Stone querns for grinding grain into flour were an integral piece of household equipment during later prehistory and beyond. They are common finds on archaeological sites but what they are made from is often poorly understood. This article discusses the manufacture of querns in south Oxfordshire during the Neolithic, Bronze Age, Iron Age, Roman and Anglo- Saxon periods, with a particular focus on the Iron Age when the industry was at its height. It describes rocks from the Lower Greensand and Lower Calcareous Grit that were used to make querns, and where outcrops of them occurred. It goes on to set out what querns of these stone types looked like and highlights the importance of this minor industry by investigating where these querns were taken to and used.

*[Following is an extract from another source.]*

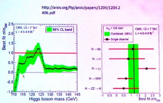 Slide : les premières mesures diffusées par le CERN fin 2011 avec la masse présumée du boson de Higgs (approx 125 Gev).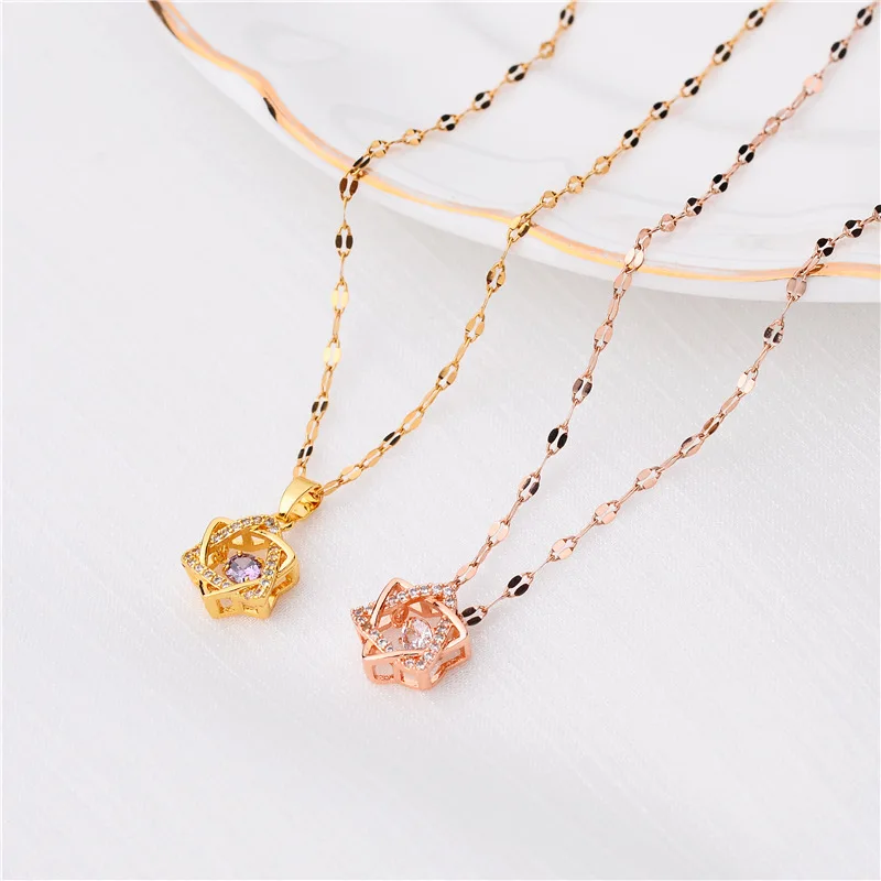 Модные элегантные губ цепи гексаграмма циркон ожерелье для женщин 2021 Новая мода из нержавеющей стали украшения на шею женские вечерние подарок

Querns were used to produce the flour required every day and were also suitable for the crushing of other food items such as seeds, nuts and legumes. They were manufactured from a range of stone types and the distance over which they were transported depended on a range of factors, not least of which was the availability of locally suitable stone. The saddle quern, used in a back-and-forth motion, was introduced to Britain during the Neolithic period and continued in use through the Bronze Age and into the Iron Age when the rotary quern with its rotational or oscillatory motion was introduced. The rotary quern remained an integral piece of household equipment throughout the Roman period and beyond. Some of the most important British quern quarries during the Iron Age and Roman periods produced querns that were transported many tens and sometimes hundreds of miles. Research in central and southern Oxfordshire over the last thirty years has demonstrated that, even though exposures were limited, local rocks were exploited to make querns. This paper describes the stone types that were used, the chronology of this local quern manufacture, what form the querns took, and how far they were distributed during different periods of our past.

PATTERNS OF QUERN USE

In order to understand local quern production, it is important to appreciate the context of resource procurement in which it sat. The earliest querns in the region date to the Neolithic and Bronze Age, but few querns have been recovered from features of these dates in central and southern Oxfordshire. Saddle querns were the only type of quern in use at this time.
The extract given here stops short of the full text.